Work instructions: The reply should hold only the lines below beginning at the one with "186,75 Kč |" and ending at the one with "gefliester Duschbereich, Glasduschtrennwand", copied exactly, with every picture left out.

Supplied material Start Marker

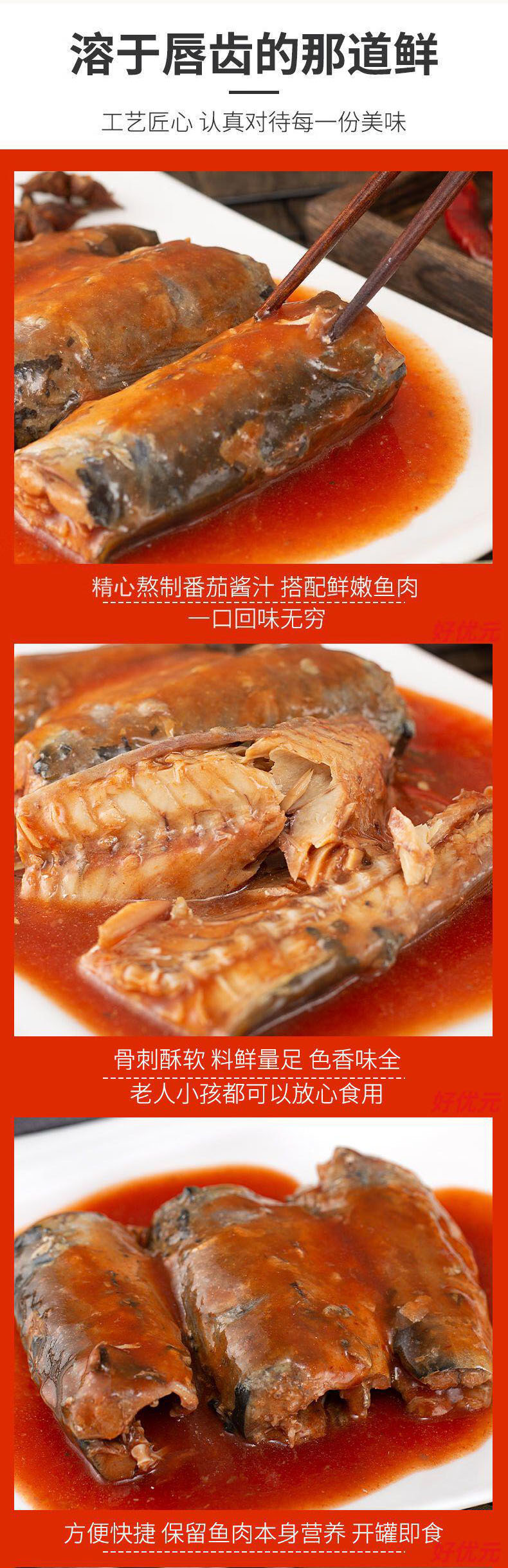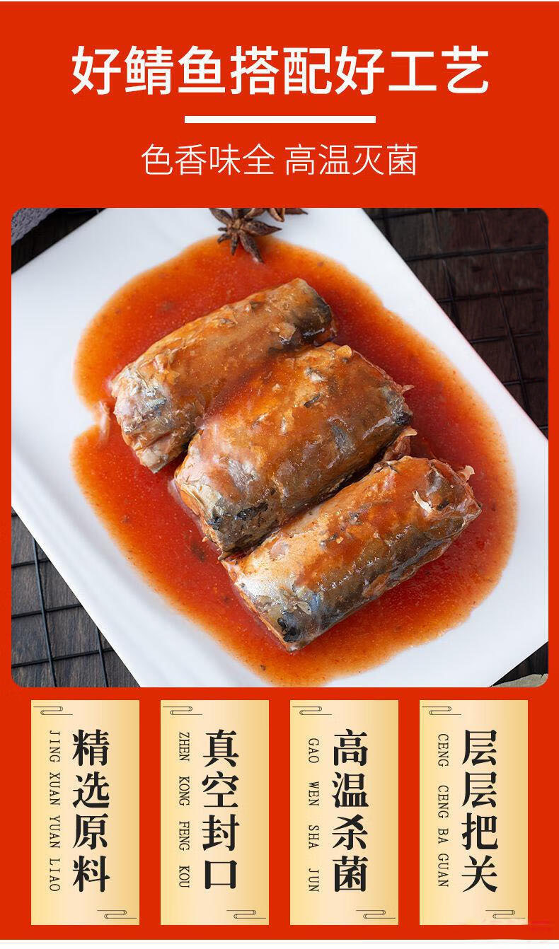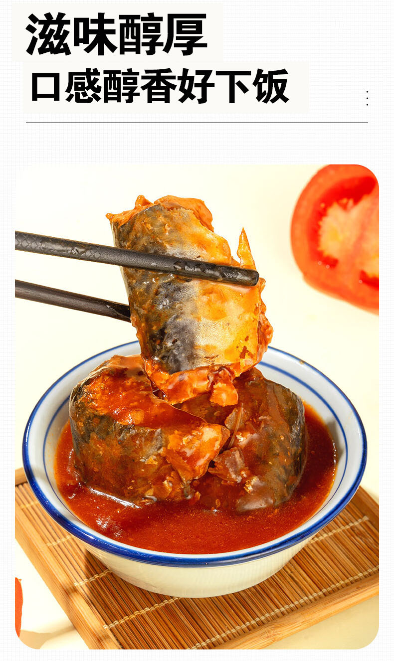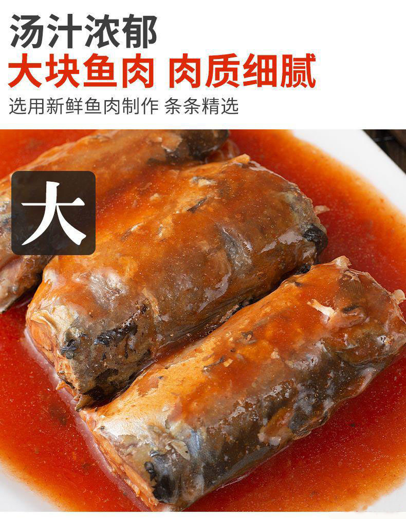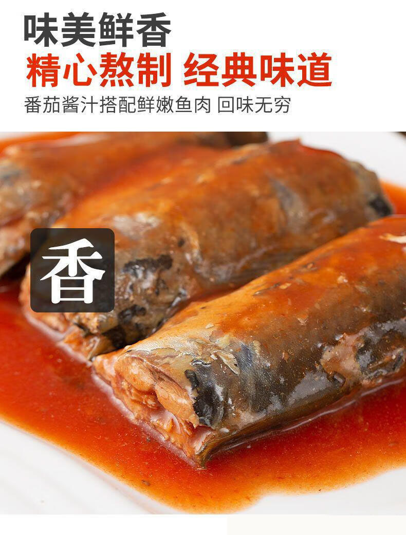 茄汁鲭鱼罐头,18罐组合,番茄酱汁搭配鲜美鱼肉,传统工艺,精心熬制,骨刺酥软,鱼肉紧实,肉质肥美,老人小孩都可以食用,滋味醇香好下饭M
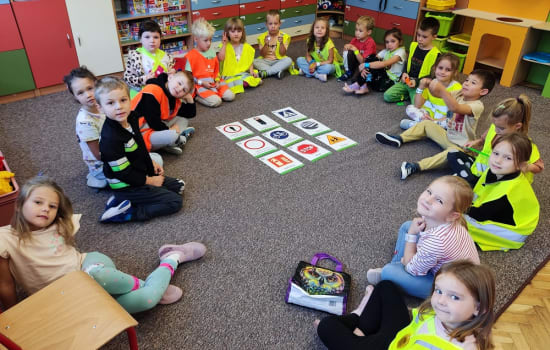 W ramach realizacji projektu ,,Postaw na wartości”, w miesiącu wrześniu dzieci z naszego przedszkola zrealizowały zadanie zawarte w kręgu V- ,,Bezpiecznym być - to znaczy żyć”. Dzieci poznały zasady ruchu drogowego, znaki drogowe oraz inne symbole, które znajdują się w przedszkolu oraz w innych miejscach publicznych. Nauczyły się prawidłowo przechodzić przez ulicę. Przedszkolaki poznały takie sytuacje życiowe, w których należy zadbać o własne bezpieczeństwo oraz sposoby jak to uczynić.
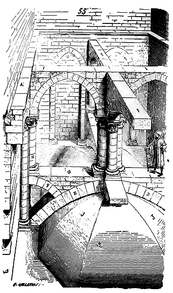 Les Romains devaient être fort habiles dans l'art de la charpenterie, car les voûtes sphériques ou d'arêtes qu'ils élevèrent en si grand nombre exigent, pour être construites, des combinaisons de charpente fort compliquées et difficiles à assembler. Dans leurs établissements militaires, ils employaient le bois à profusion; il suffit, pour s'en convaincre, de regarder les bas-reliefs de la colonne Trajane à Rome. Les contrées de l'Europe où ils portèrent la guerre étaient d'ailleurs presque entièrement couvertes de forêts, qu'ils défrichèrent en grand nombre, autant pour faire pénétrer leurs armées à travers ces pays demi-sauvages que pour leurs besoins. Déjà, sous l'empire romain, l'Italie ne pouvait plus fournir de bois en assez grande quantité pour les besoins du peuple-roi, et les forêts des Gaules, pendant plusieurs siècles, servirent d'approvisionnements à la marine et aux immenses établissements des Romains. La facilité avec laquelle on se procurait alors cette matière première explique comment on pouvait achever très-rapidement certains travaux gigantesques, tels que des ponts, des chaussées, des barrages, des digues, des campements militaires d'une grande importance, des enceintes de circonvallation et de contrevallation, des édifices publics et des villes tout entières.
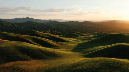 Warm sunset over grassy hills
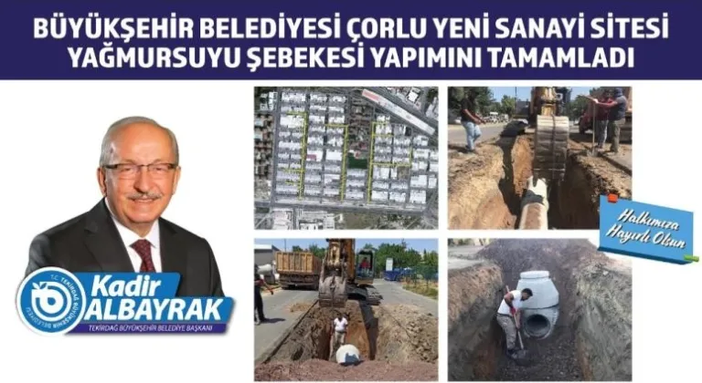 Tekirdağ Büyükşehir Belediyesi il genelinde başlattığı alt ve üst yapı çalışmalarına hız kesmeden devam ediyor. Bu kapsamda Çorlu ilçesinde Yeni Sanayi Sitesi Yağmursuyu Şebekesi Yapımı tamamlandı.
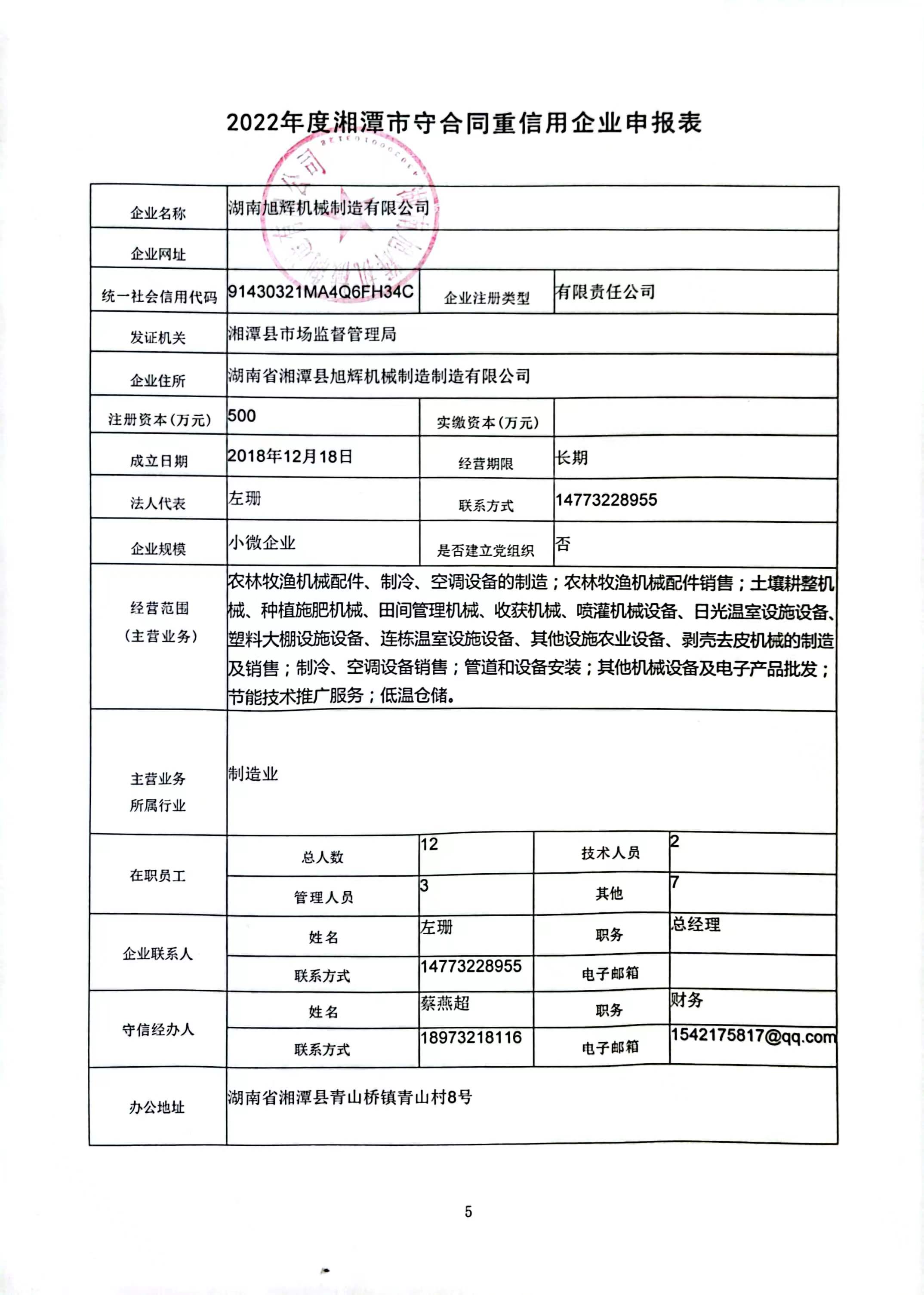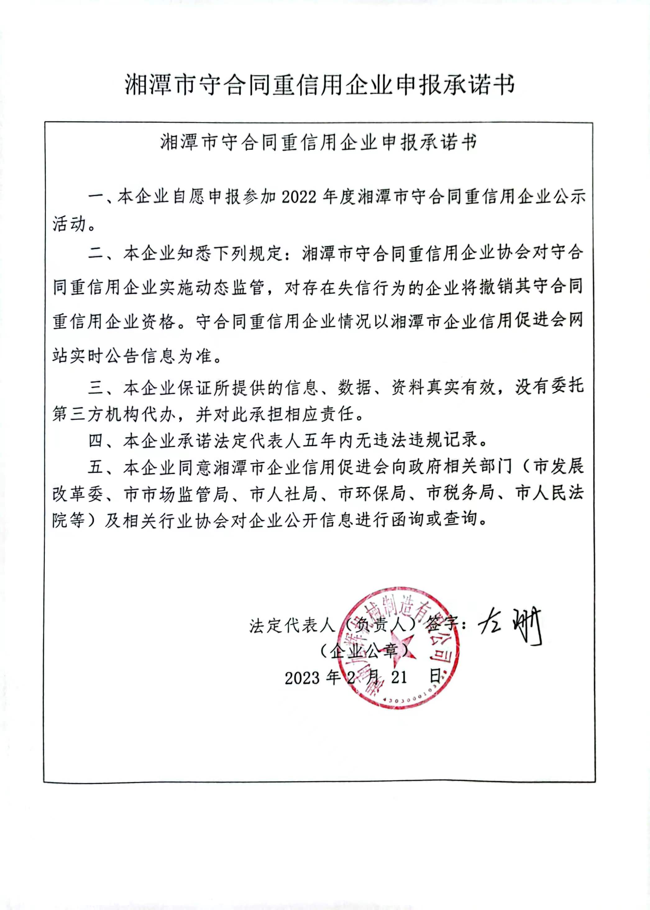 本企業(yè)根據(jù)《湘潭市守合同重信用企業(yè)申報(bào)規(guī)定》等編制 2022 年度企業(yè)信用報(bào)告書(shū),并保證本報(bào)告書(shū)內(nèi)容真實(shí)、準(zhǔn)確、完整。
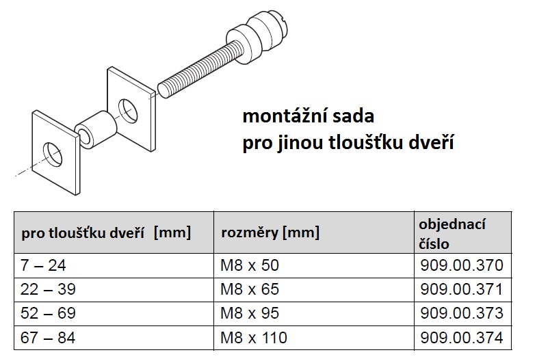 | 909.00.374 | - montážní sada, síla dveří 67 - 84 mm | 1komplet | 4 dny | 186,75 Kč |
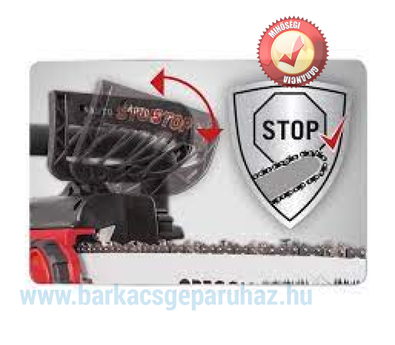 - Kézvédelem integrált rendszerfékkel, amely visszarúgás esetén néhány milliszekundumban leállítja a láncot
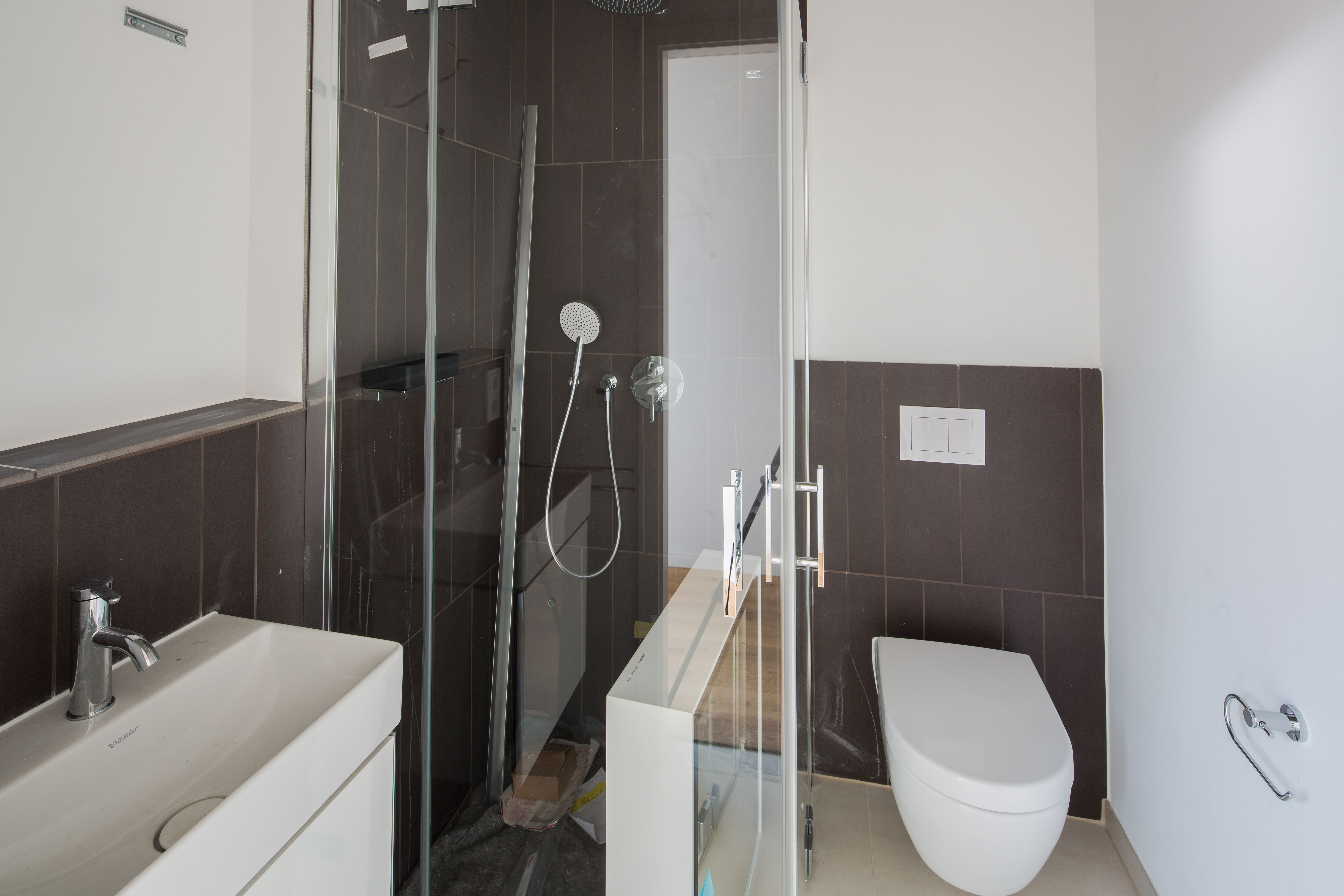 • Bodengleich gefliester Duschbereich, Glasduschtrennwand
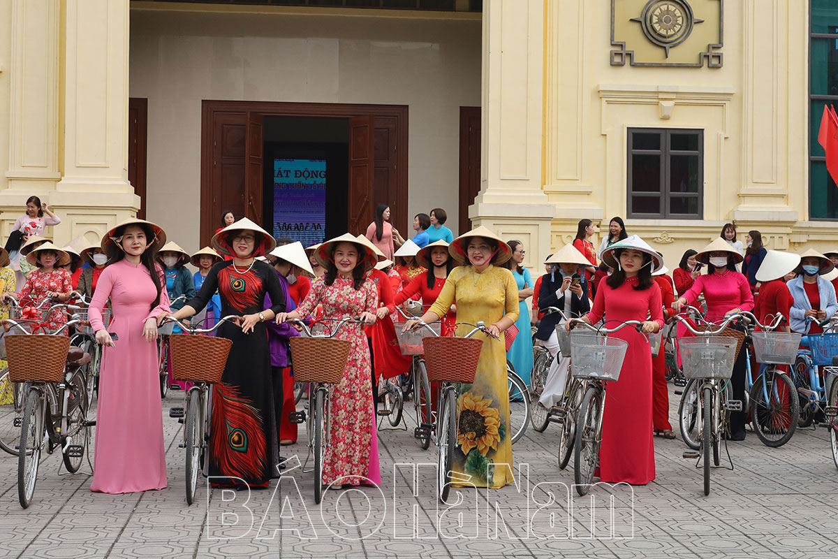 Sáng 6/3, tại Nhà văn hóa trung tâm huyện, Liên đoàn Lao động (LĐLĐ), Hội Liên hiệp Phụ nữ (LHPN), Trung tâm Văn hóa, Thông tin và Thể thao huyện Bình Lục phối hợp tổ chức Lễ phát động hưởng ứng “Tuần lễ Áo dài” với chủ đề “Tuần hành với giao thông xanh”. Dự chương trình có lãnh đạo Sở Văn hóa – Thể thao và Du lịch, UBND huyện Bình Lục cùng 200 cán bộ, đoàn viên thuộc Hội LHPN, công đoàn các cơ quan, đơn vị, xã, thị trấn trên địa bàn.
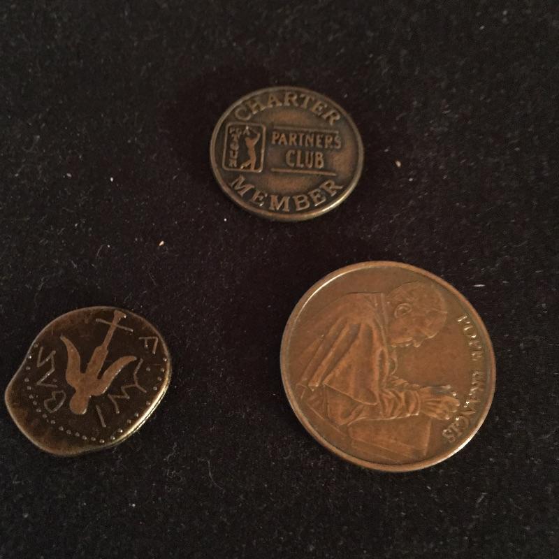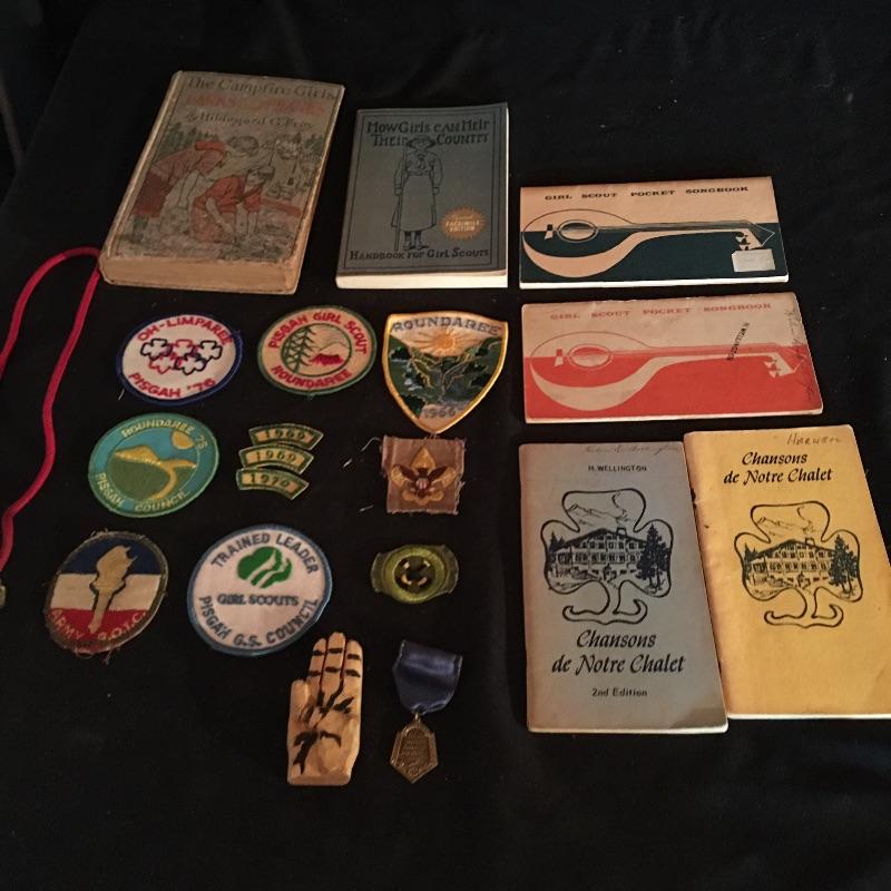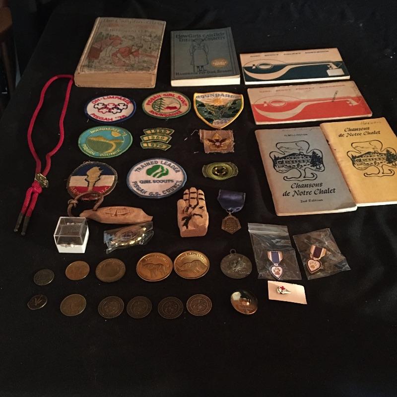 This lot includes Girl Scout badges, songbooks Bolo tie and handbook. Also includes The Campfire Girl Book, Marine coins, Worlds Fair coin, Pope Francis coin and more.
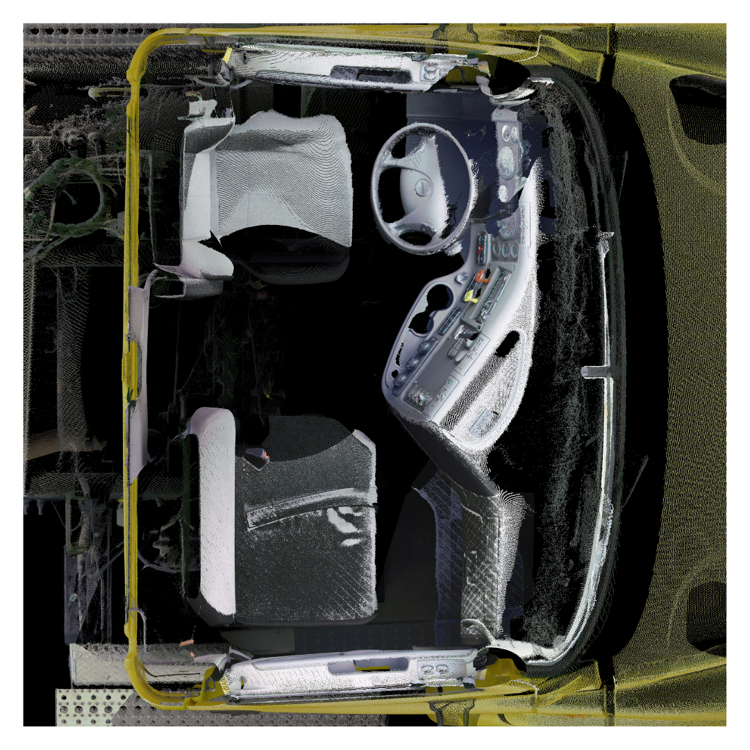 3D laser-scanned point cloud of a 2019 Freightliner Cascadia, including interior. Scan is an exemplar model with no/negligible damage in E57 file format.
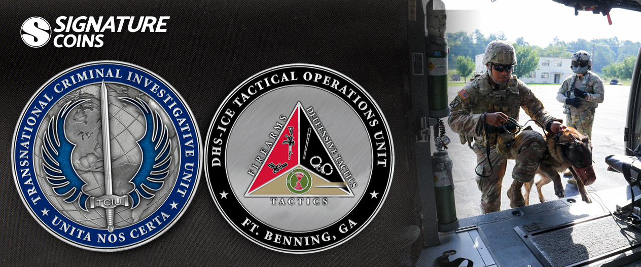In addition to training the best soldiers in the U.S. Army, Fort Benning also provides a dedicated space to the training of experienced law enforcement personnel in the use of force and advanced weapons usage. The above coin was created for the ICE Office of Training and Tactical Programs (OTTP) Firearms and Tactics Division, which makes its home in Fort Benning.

Supplied material End Marker

Solution:
 | 909.00.374 | - montážní sada, síla dveří 67 - 84 mm | 1komplet | 4 dny | 186,75 Kč |
 - Kézvédelem integrált rendszerfékkel, amely visszarúgás esetén néhány milliszekundumban leállítja a láncot
 • Bodengleich gefliester Duschbereich, Glasduschtrennwand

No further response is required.